Colective: Vincent Gontier.

Place: Charnècle. France

State: Installed

Budget: 100 €

Time: 2 Days.

People: 2

Lesson: The location, an old garage, didn’t have a single straight surface. We could not trust in the ancient walls. For this reason, we adapted every single pillar to every single wall. This experience permitted me to engage with a professional incremental process where nothing was made in site but measured and created in studio. Surprisingly, designing and constructing every single pillar differently didn’t take more time. From now on, pre-existence will not be an unsurpassable task but a challenge.

The Table.

On demand of the client We designed and built a ‘‘mecano’’ table, prioritizing an easy assemble.

Year: 2020

Colective: Vincent Gontier.

Place: Charnècle.
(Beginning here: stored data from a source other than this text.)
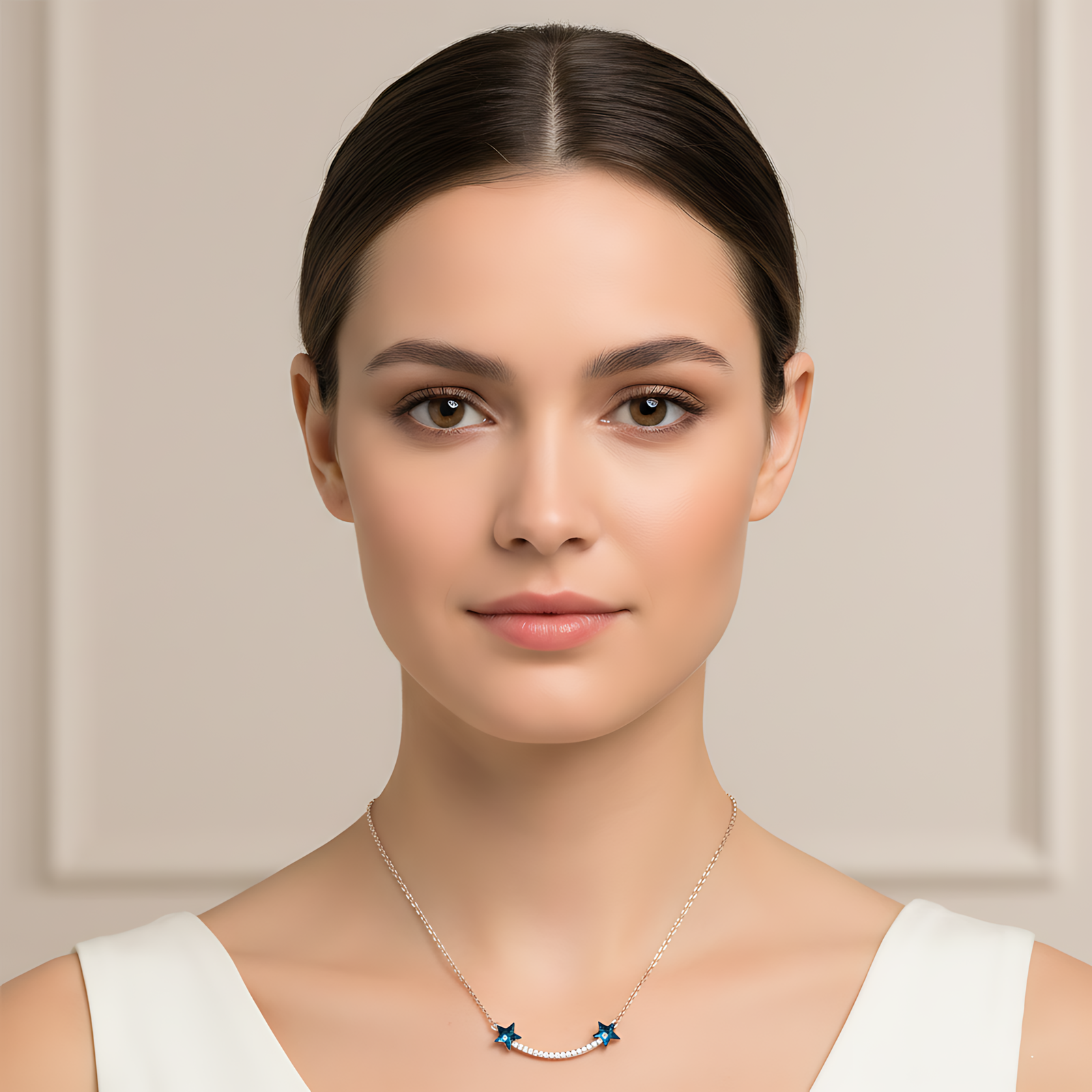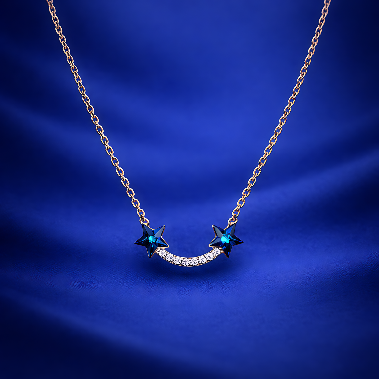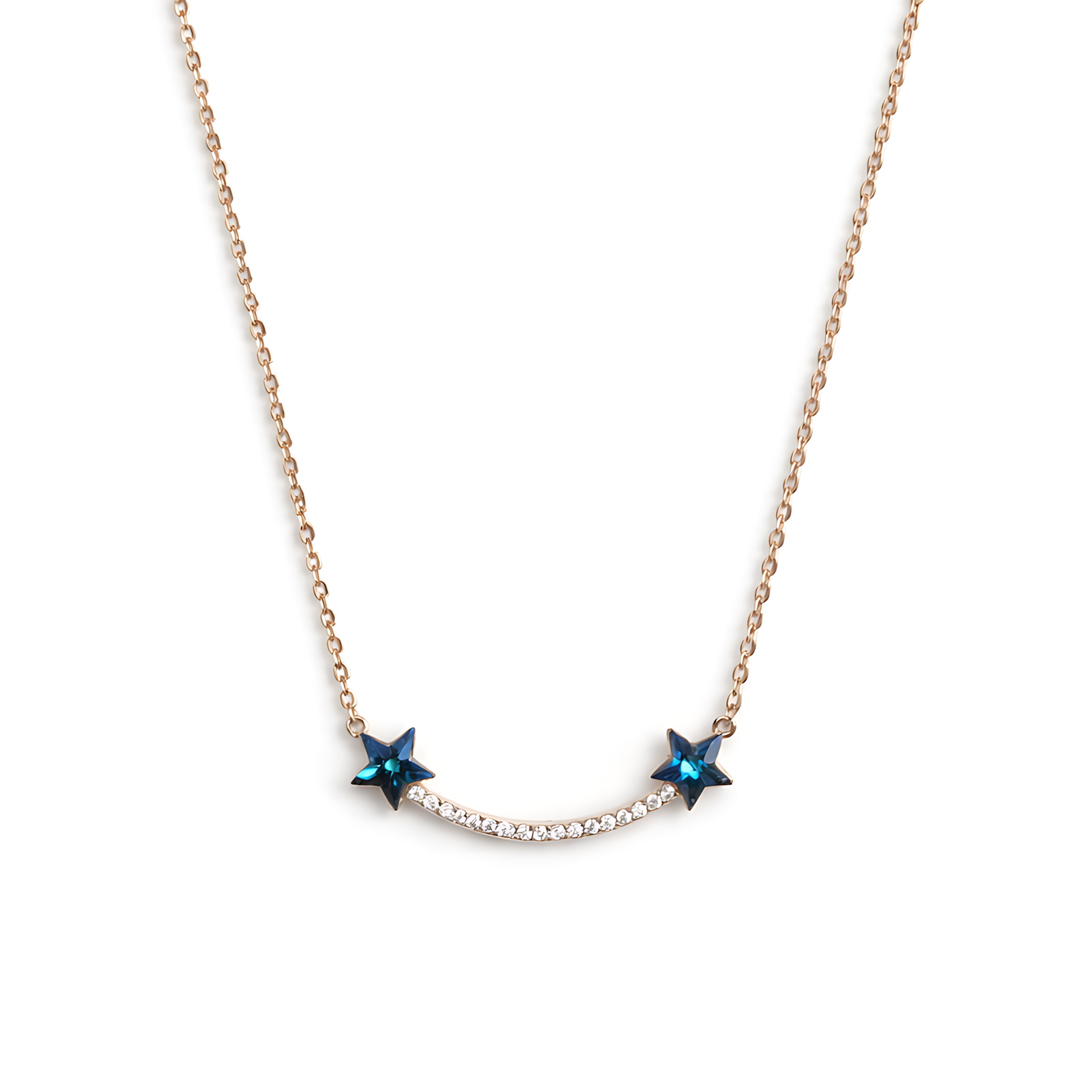 A celestial-inspired rose gold-toned necklace featuring a curved bar of pavé crystals bookended by two deep blue star-shaped pendants.
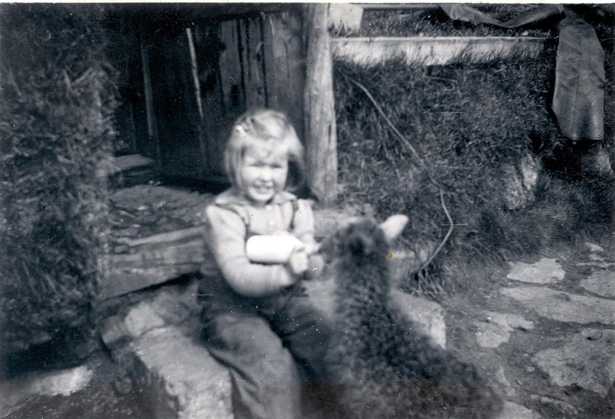 Ásdís Jónsdóttir gefur lambi úr pela. Í baksýn er inngangurinn að fjósinu á Einfætingsgili.
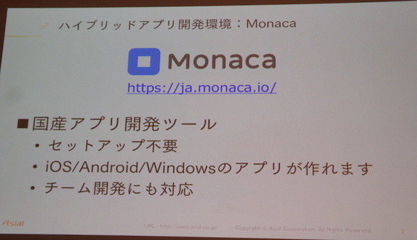 アシアルのジャスティス岡本さんからは、セットアップ不要な国産の開発ツール「Onsen UI / Monaca」がハッカソンで強い10の理由を紹介いただきました。
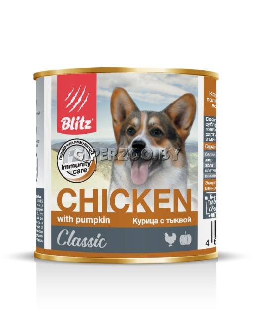 Blitz Classic Dog Chicken whith Pumpkin (Курица с тыквой), 400 гр — консервированный полнорационный для собак всех пород и возрастов с курицей и тыквой.
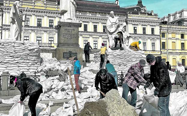 Mientras las delegaciones de Ucrania y Rusia se dan cita en Turquía para seguir con el proceso negociador, un grupo de voluntarios llena sacos con...
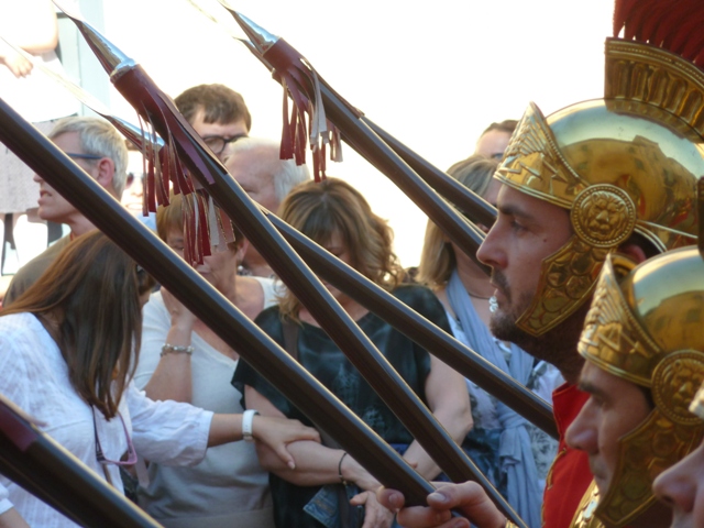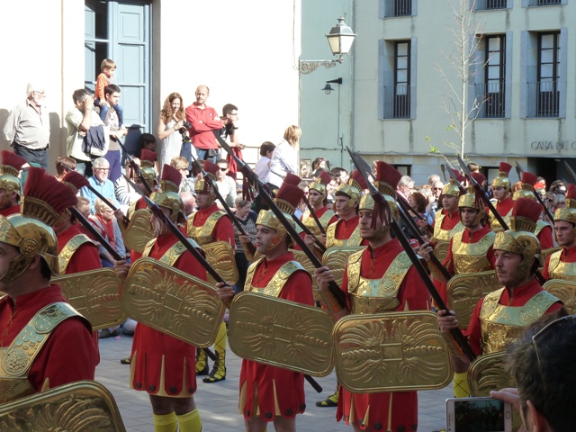 Fora de Barcelona, però, les coses són molt diferents. S’han conservat moltíssimes processons, amb un pes creixent dels elements pagans, com són les desfilades de “manaies” o de soldats romans, que en alguns llocs, com a moltes localitats de Girona, començant per la seva mateixa capital, adquireixen un relleu majúscul. Els carrers de moltes de les ciutats de Catalunya es veuen aquests dies ocupades per batallons de legionaris que constitueixen una mena de segons exèrcits voluntaris i anacrònics, però molt orgullosos d’exhibir-se i de marcar al pas al ritme dels timbals i amb tocs de trompeta que per regla general fan més referència als cornetes de l’exèrcit espanyol que als de l’antiga Roma.
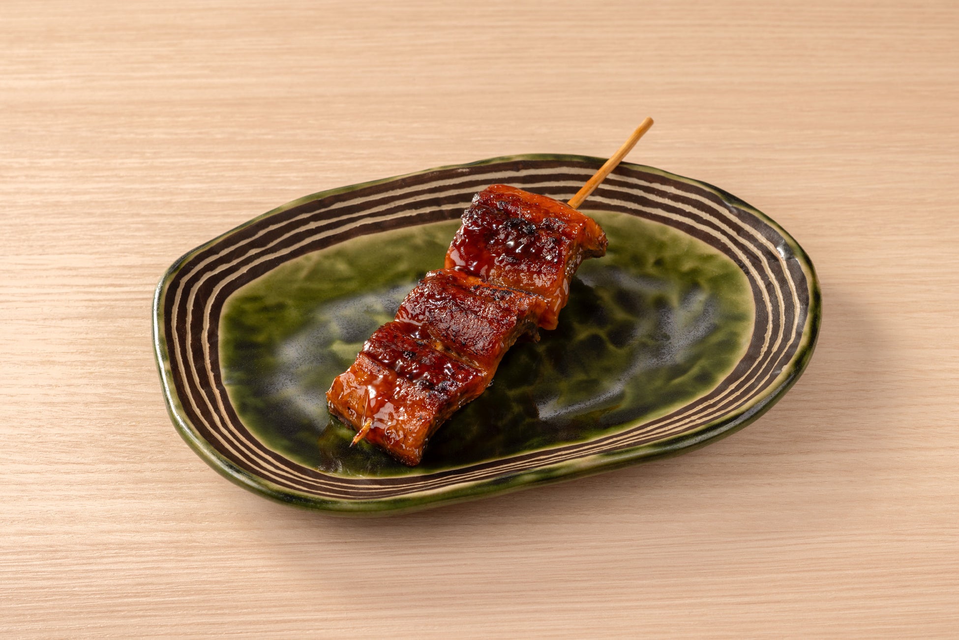 うなぎの蒲焼を作る工程で生まれる端切れを串に巻いて焼き上げたもの。うなぎの味わいはそのままに片手で手軽につまめる串焼きは、うなぎ愛好家には人気のメニューです。
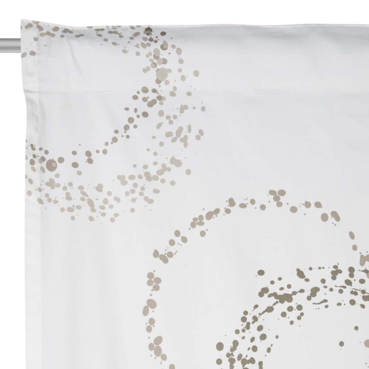 Бяло плътно перде с перделик със стилизиран мотив кръгове, подходящо за закачане на тръбен или релсов корниз, 135/255 см
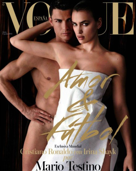 圖為C羅全裸攜手超模女友Irina Shayk登西班牙版《Vogue》六月刊封面。
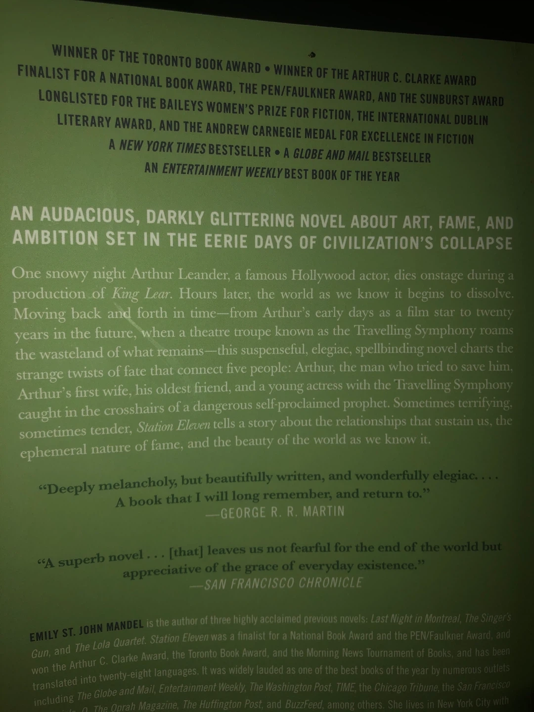 ππONLY $2!!πThis is the novel "Station Eleven" by Emily St. John Mandel. It's an international bestseller and a Toronto Book Award winner. The book explores themes of civilization and art in a post-apocalyptic world. It won the 2015 Toronto Book Award.
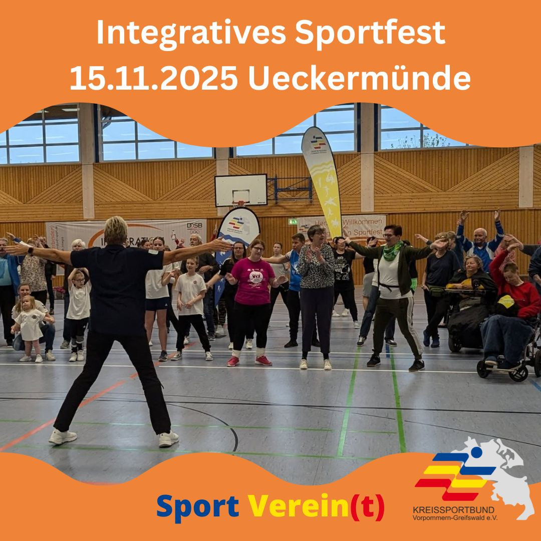 Teilhabe am gesellschaftlichen Leben durch Sport, Spiel und Spaß, so lautet das Ziel des „Integrativen Sportfestes – Sport für Jedermann“ am 15.11.2025 in der Sporthalle des Ueckermünder Greifen-Gymnasiums (Apfelallee 2, 17373 Ueckermünde).
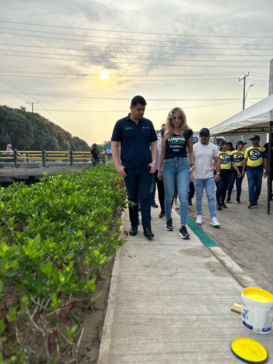 La gerente de Ciudad, Ana María Aljure, destacó esta actividad que logró una intervención integral en este punto crítico: “Estamos haciendo la recuperación de un punto que por años había estado abandonado, sucio, lleno de basura; ahora, con todo el equipo de gobierno de la Alcaldía, liderado por nuestro alcalde, Alejandro Char, logramos una transformación completa en equipo, y además estamos trabajando para que las personas se apropien de este espacio y dejen de arrojar basuras”. Además, indicó que se logró la recuperación de más de 355 m², la intervención de 180 metros lineales de paisajismo y, próximamente, un mural para embellecer el sector.
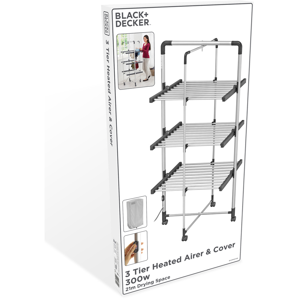 BLACK+DECKER Cool Grey 3 Tier Heated Airer 21m with Wheels and Cover
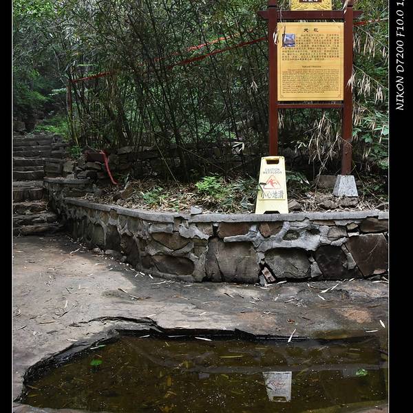 相比“香炉洞”来,这“天砚”景点可是有些牵强了。要不是这滩小水洼旁边立着一块说明牌子,我真以为那不过是下雨后因路面不平造成的存水的水洼呢。
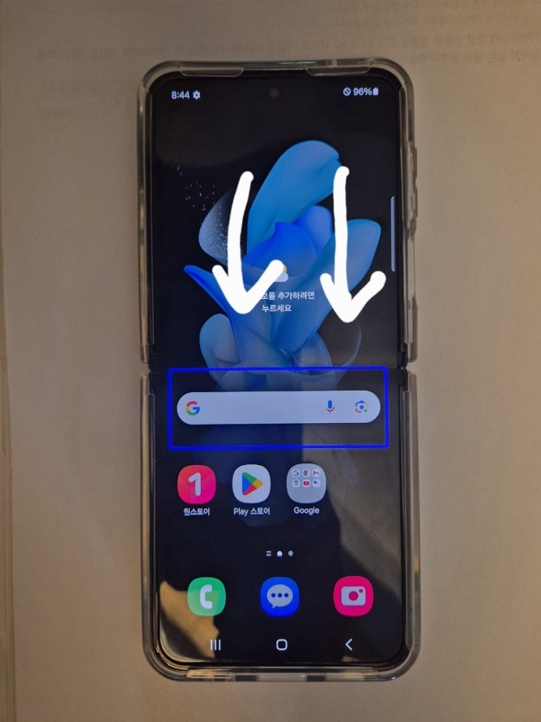 - 홈 화면에서 두손가락으로 화면을 아래로 내리면 상단 퀵 실행바가 내려옵니다

France

State: Built

Budget: 0 €

Dimension: 100cmx 80cm

Time: 5 Days.

People: 2

Lesson: Creativity has no limits, but even so we are attached to a economical condition. To survive every action must try to maintain its economic sustainability. Even if this project was made only with recycled materials, the profit (€400) is insufficient for the task, or in other words the project didn’t adapt to the monetary conditions… Time is one of the most fundamental resources:Time was not prioritized, and the detailing process advanced to a complex system. In the future I want to engage with scarcity, so simplicity of process must be perfectly present or else, we will accumulate pressure in the construction process.